* _REQUIRED WORK_: Please print exactly the lines from the line containing "Al borde de" through the end of the data, no more, and keep pictures out of the copy.

* _COLLECTED DATA_:
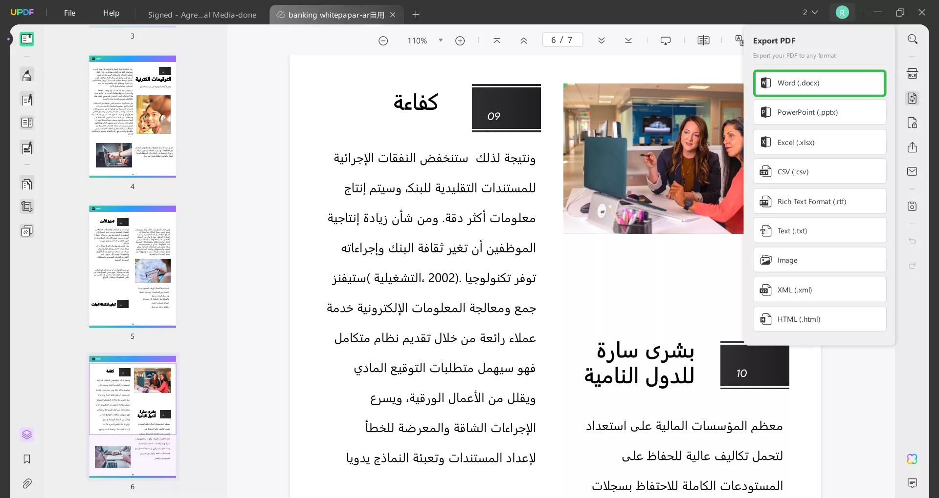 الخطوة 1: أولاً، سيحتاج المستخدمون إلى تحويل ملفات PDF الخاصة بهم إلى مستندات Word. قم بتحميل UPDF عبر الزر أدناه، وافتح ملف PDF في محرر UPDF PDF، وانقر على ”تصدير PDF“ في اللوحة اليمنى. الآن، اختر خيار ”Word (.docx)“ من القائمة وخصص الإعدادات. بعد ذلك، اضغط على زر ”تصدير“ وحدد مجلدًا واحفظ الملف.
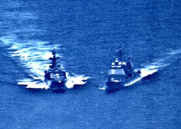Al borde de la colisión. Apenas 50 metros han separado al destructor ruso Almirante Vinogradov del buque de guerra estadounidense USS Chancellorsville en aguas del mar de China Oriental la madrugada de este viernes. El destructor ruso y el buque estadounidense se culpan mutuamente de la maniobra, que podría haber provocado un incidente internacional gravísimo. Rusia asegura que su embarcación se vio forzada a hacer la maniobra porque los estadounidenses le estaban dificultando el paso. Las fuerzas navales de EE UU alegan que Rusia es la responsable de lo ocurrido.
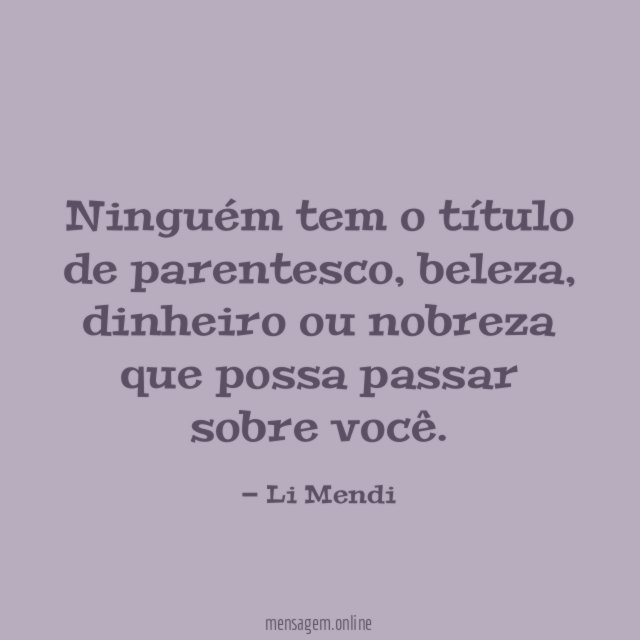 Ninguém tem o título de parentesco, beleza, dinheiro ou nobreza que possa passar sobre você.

* _EXERCISE OUTPUT_:
Al borde de la colisión. Apenas 50 metros han separado al destructor ruso Almirante Vinogradov del buque de guerra estadounidense USS Chancellorsville en aguas del mar de China Oriental la madrugada de este viernes. El destructor ruso y el buque estadounidense se culpan mutuamente de la maniobra, que podría haber provocado un incidente internacional gravísimo. Rusia asegura que su embarcación se vio forzada a hacer la maniobra porque los estadounidenses le estaban dificultando el paso. Las fuerzas navales de EE UU alegan que Rusia es la responsable de lo ocurrido.
 Ninguém tem o título de parentesco, beleza, dinheiro ou nobreza que possa passar sobre você.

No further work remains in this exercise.